Машина пахнула на Поленова едким дымом и пошла дальше. Но не прошла она и двухсот метров, как резко затормозила и остановилась.
– Старик! Иди сюда! – услышал Никита Иванович властный голос.
Он догнал машину. Из нее вышел плотный мужчина с четырьмя зелеными прямоугольниками в зеленых петлицах шинели. «Полковник!» – догадался Поленов и обрадовался, хотя это был и не его полковник.
– Куда собрался ехать, старина? – спросил офицер.
Никита Иванович оглянулся и, как будто его могли услышать, ответил приглушенно:
– Мне нужно в разведотдел штаба фронта, товарищ полковник! Очень нужно!
Быстрый взгляд метнулся по фигуре неказистого мужичка в заношенном пальтишке и в стоптанных, грязных сапогах, с большим мешком за плечами. Офицер сказал одно лишь слово: «Садись!» Никита Иванович поблагодарил и влез в машину, мешок он взял на колени.
Ехали молча. Долгое молчание нарушил полковник. Спросил дружелюбным тоном:
– С т о й стороны, старик? – И кивнул головой туда, где гремели пушки.
– С той, товарищ полковник.
– Понятно, старик.
Больше его ни о чем не расспрашивали. Но Никита Иванович заметил, что все смотрели на него теперь с сочувствием и уважением.
4
Как приятно и радостно было переступать порог знакомого дома! Ничто не изменилось в нем и вокруг него: тот же частокол под окнами, так же синеют наличники, тот же петушок вертится на стропилах, показывая направление ветра. И тот же полковник. Даже карта кажется той же, что висела в прошлом году. А возможно, и та: этот фронт не приходил в движение, ничего не изменилось за это время.
– Здравия желаю, товарищ полковник! – сказал Никита Иванович, поднося руку к шапке.
– Здравствуйте, – спокойно сказал полковник. – Вы ко мне?
– К вам… Вы разве не узнаете меня? – не без удивления спросил Поленов.
Полковник подошел ближе, пристально взглянул на вошедшего через толстые стекла очков.
– Никита Иванович? Приветствую, дорогой! – он обхватил его сильной рукой за шею и обнял. – Что случилось? Какими путями? Что-нибудь непредвиденное?

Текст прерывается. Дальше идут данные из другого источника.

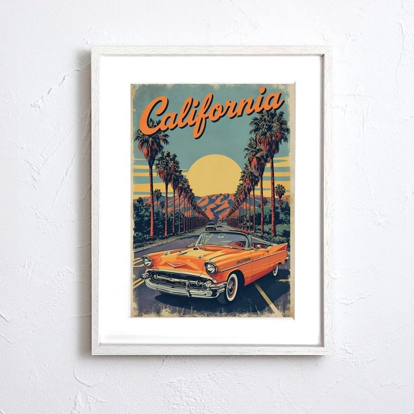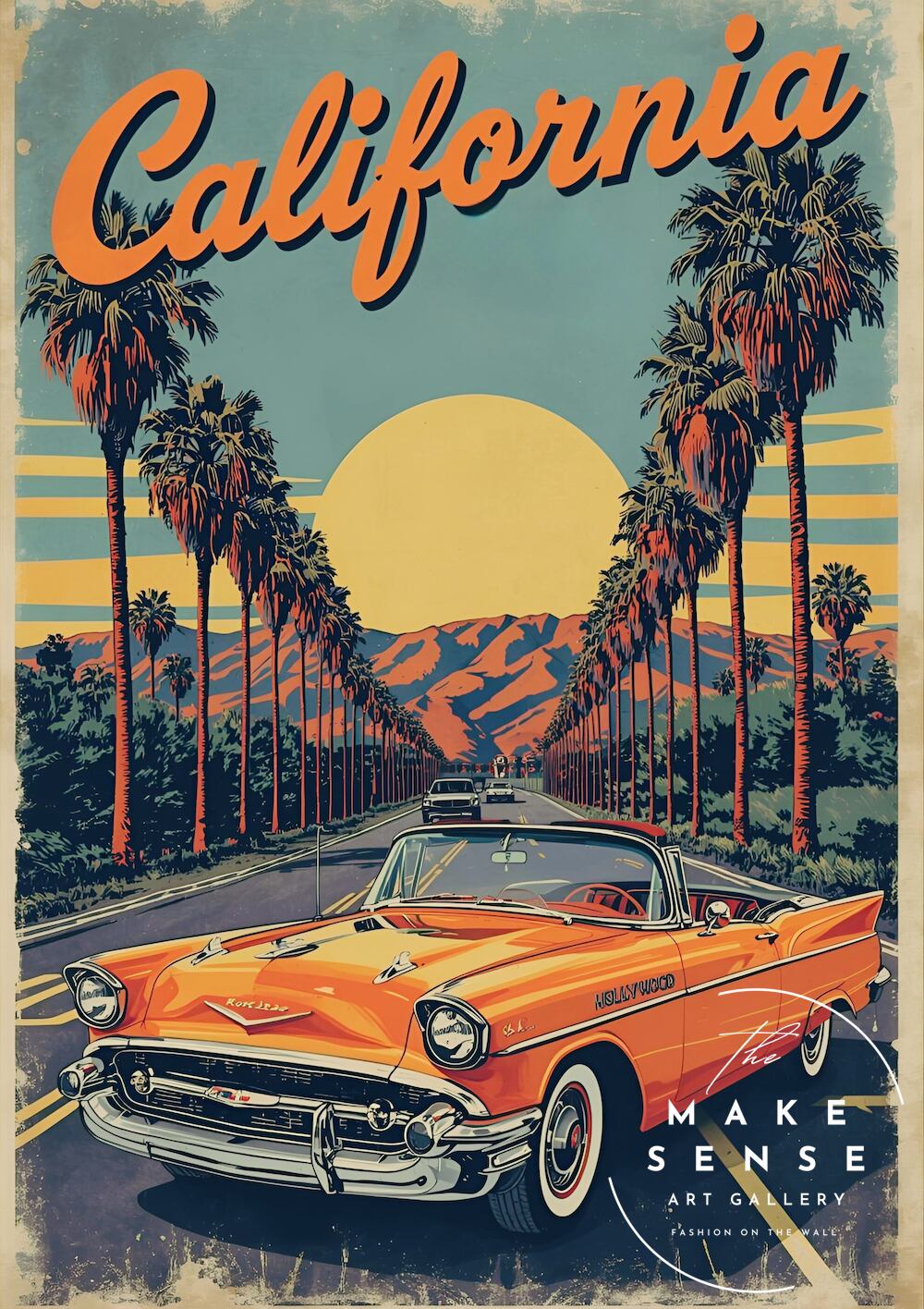 California Dreamin’|カリフォルニアの陽光とクラシックカーが描く自由のアートポスター|レトロモダンな空間を彩るインテリアA2ポスター

– Я все расскажу, товарищ полковник. Там, на улице, машина стоит. Полковник просил вас выйти на минутку, он что-то хочет сказать вам.
Вернулся он через несколько минут.
– Садитесь, пожалуйста, Никита Иванович, – пригласил полковник. – Вы были таким молодцом все время!.. Рассказывайте, что там могло случиться? Где Таня?
Поленов, прежде чем садиться, вынул из мешка пять пачек сторублевок, большую помятую карту, переданную солдатом Отто Калачникову, перочинным ножом разрезал воротник пальто и извлек, к немалому удивлению полковника, ампулу с ядом. Полковник смотрел на него непонимающим взглядом.
– Случилось это неожиданно и против моей воли, товарищ полковник! – сказал Никита Иванович, – Разрешите по порядку?
– Пожалуйста, пожалуйста, Никита Иванович! – полковник кивнул головой.
Обо всем поведал Поленов: и как вызывал его Мизель, как встретил, какое предложение сделал, какой наделил легендой, какое задание он получил от штурмбаннфюрера, как готовился к полету и как совершил этот полет, где приземлился и как добирался до штаба, где теперь Таня. Полковник лишь уточнял кое-какие детали. А когда Никита Иванович рассказал до конца, полковник заулыбался и спросил:
– Значит, полет через линию фронта совершился сегодня?
– Сегодня.
– Самолет вы покинули часа в два ночи?
– В два пятнадцать, товарищ полковник.
– А остальные полетели дальше?
– Да. Два и два. Никакого контакта у меня с ними не было. Посадили в темный самолет, я их даже в лицо не видел.
– Понятно. Одну минуточку.
Полковник стал крутить ручку полевого телефона. Сначала Никита Иванович услышал голос девушки, потом густой бас.
– Товарищ генерал, – начал полковник. – Да, да, я. Пока все идет нормально. Если разрешите, я доложу позднее, часа через два. Слушаюсь! – он положил трубку, взглянул на Поленова и спросил: – Завтракали?
– Нет. Но потерплю.
– Выдержите?
– Выдержу.
– Поначалу я чуточку огорчился: неужели, думаю, ошибся в человеке? – сказал полковник, выходя из-за стола. – Нет, и это очень хорошо! Вчера я послал Огневу шифровку, сообщил, что вас наградили орденом Красного Знамени. От всего сердца поздравляю вас, Алексей Осипович! – Он крепко сжал руку Шубину.
– Спасибо, большое спасибо, товарищ полковник! Да неудобно как-то: орден боевой, а я ни в одном бою не был.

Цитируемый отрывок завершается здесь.